Note: that was actually well known before him, but he just demonstrated it with particularly simple and unobjectionable examples. The truly original and huge achievement of his book is that he defined a way to create a composite commodity, a "numeraire" whose value does not depend on the distribution of income, which was what classical political economists had been seeking for centuries.

The problem with F Hayek's late re-discovery of markets as discovery mechanisms (which was well understood before him, but not as well expressed) is that it results in achievable global maximum, just imperfect local maximum seeking and thus the impossibility of the central truthiness of Economics.

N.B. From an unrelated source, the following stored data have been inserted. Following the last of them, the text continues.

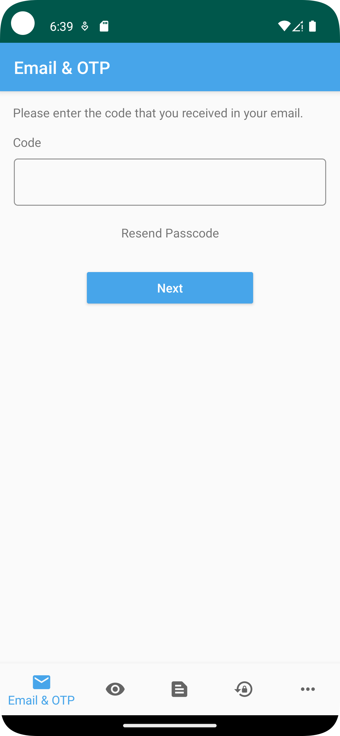 Geben Sie den OTP-Code ein, den Sie im E-Mail-Posteingang erhalten, und wählen Sie "Weiter" aus. Wenn die Registrierung erfolgreich ist, meldet sich die App automatisch an. Wenn Sie den OTP-Code in Ihrem E-Mail-Posteingang nicht erhalten, können Sie ihn nach einiger Zeit erneut senden lassen, indem Sie Passcode erneut senden auswählen.
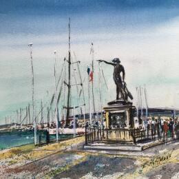 Toulon le veilleur du port Painting Toulon le veilleur du port  by Hoffmann Elisabeth | Painting Figurative Urban Marine Watercolor
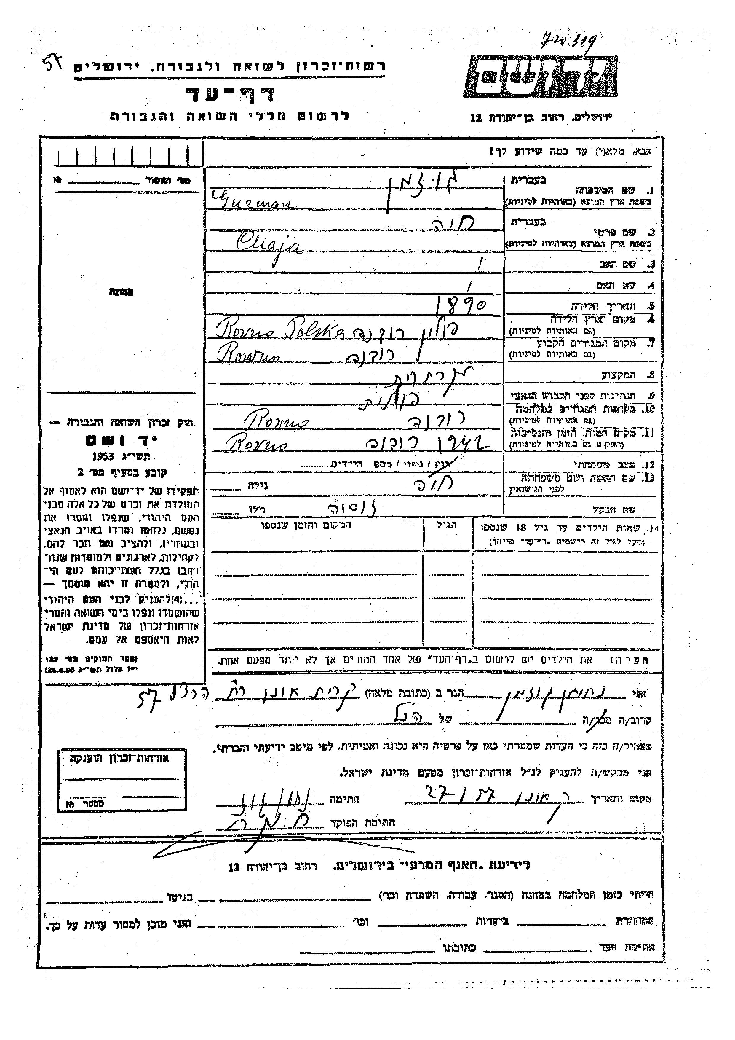 Yad Vashem - Pages of Testimony Names Memorial Collection
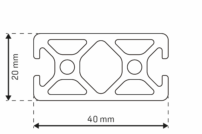 Alu - Profil AVP-I 5 Leicht 40 x 20 mm, 4-Nuten geschlossen, 180°, Nut 5 mm
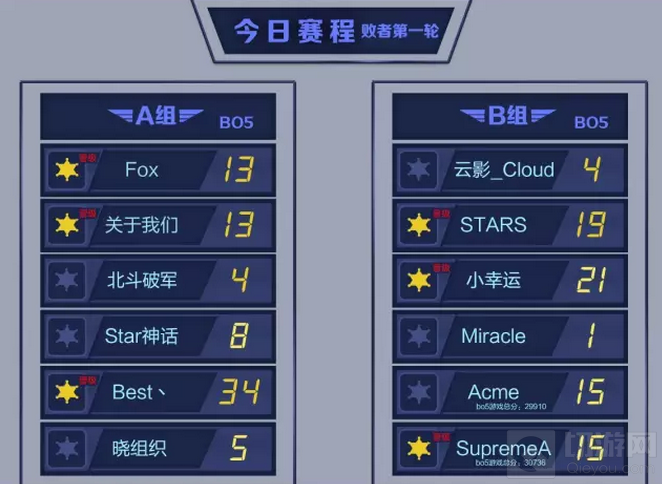 注意:此处SupremeA队与Acome队积分同为15,但SupremeA队伍本次比赛游戏总分为30736,高于Acome队伍本次比赛游戏总分29910,SupremeA队伍成功晋级!
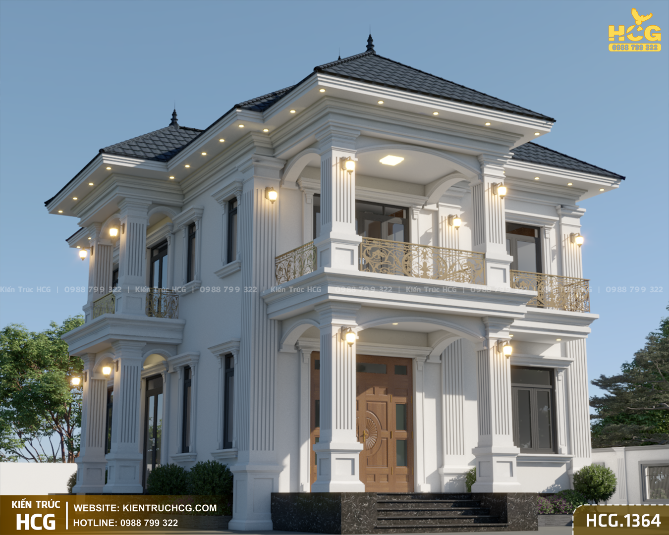 HCG.1364 là mẫu biệt thự 2 tầng mái nhật phong cách tân cổ điển do Kiến Trúc HCG thiết kế cho khu đất mặt tiền 9m – kích thước phổ biến tại đô thị và khu dân cư ven đô. Công trình hướng tới sự bề thế vừa phải, tinh tế trong chi tiết và tối ưu công năng, phù hợp nhu cầu ở lâu dài của gia đình hiện đại.

Another note: I try to be careful about using the terms "Economics" (a despicable form of propaganda) and "political economy" (an interesting topic of investigation and research). Also I am afraid that most of my points above will be utterly incomprehensible to people indoctrinated by courses in Economics. Much has been lost...

Blissex said...

«is that it results in achievable global maximum, just imperfect local maximum seeking»

That should have been "in NO achievable global maximum".

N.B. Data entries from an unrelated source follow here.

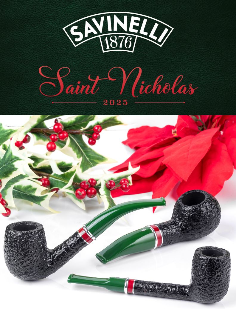 Savinelli's Saint Nicholas series is the brand's most festive annual release, celebrating the Christmas season with a range of the Italian firm's iconic shapes in a distinctive, Yuletide-inspired color palette. Savinelli's annual holiday release is here, bringing festive cheer to collectors near and far. For 2025, each pipe wears a rugged sandblast and a deep, inky stain, the dark palette sharply contrasted by a vibrant green acrylic stem, a bright metallic ring, and a band of red acrylic. A classic rustication reminiscent of a yule log leads to a Santa red band with two silver accents on the transition, perfectly pairing with a pine-green acrylic stem. The St. Nicholas 2025 is rendered in a variety of classic Savinelli shapes. Rusticated Finish Briar Bowl. Acrylic Stem. 6mm Filter. Made in Italy.
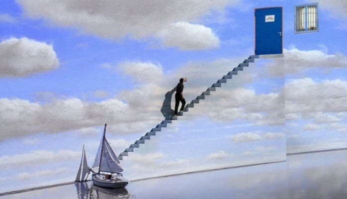 Esta vez, en “The Truman show”, Peter Weir conduce el asunto a través de los terrenos del absurdo: el hombre que se descubre “conejillo de indias” de una gran confabulación —de un vouyerismo televisivo, de una mirada masiva que disfruta vigilarlo en secreto porque es una vida real, incluso, cuando se cepilla los dientes—; el personaje central de una telenovela que, paradójicamente, es el único que no está actuando y el único que ignora dónde se encuentra y para qué está sirviendo.
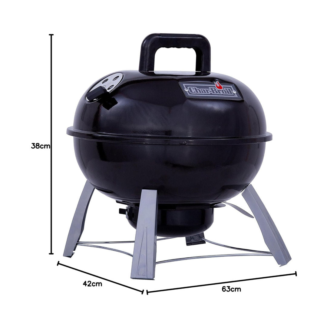 The Char-Broil 14" Charcoal Tabletop Kettle Grill is a compact and portable solution for grilling on the go. Designed for tailgating, camping, picnics, or small patios, this kettle-style charcoal grill delivers classic BBQ flavor in a lightweight, space-saving design. The 150 square inches of cooking surface accommodates up to 6 burgers at once, while the adjustable dampers and chrome-plated grate offer precise heat control and easy cleaning. Built with sturdy legs and a cool-touch lid handle, it’s a practical and efficient grill for outdoor adventures.
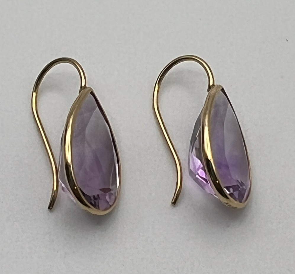 как выглядит 14 K Yellow Gold Large Amethyst Earrings - gorgeous фото
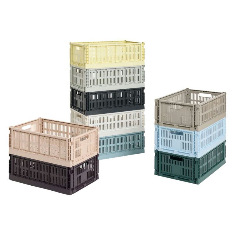 HAY Colour Crate is a series of colorful storage boxes with a perforated design. Made from 100% recycled plastic, they are available in different colors and sizes. The boxes can be stacked and used for storage on shelves, tables or in cabinets. Lids and wheels are also available for sizes Medium and Large. Medium and Large.

BTW the work JM Keynes in general and as quotes above was came about when he realized, because of obvious events and his reflections on "money", that a single global maximum is unachievable. In his theory the two major reason why are:

* Demand for investment is subject to "uncertainty", and that makes it impossible to find an intertemporal maximum; that is as uncertainty can change unpredictably, the optimization landscape changes with time, creating path dependency.

* Since demand for "money" and demand for "liquidity" are different things in different markets, and "liquidity" (by construction) is unproductive, when businessmen switch "money" from spending on investment to hoarding "liquidity" they create a completely different local maximum in which the political economy can get trapped.

Robert Vienneau said...

Certainly, most academic mainstream economics is propaganda.

I think Sraffa is important for more than an internal critique of neoclassical economics. You can read him as rediscovering the logical structure of the theory of value and distribution in classical political economy.

The role and importance of his specially constructed numerate is open to debate. It varies with time and the technique in use. You can read it as demonstrating that no solution of Ricardo's problem is possible, rather than solving the problem. And then there is its connection with Marx's labor theory of value. If aggregates are in standard proportions, a lot of volume I of Capital makes sense.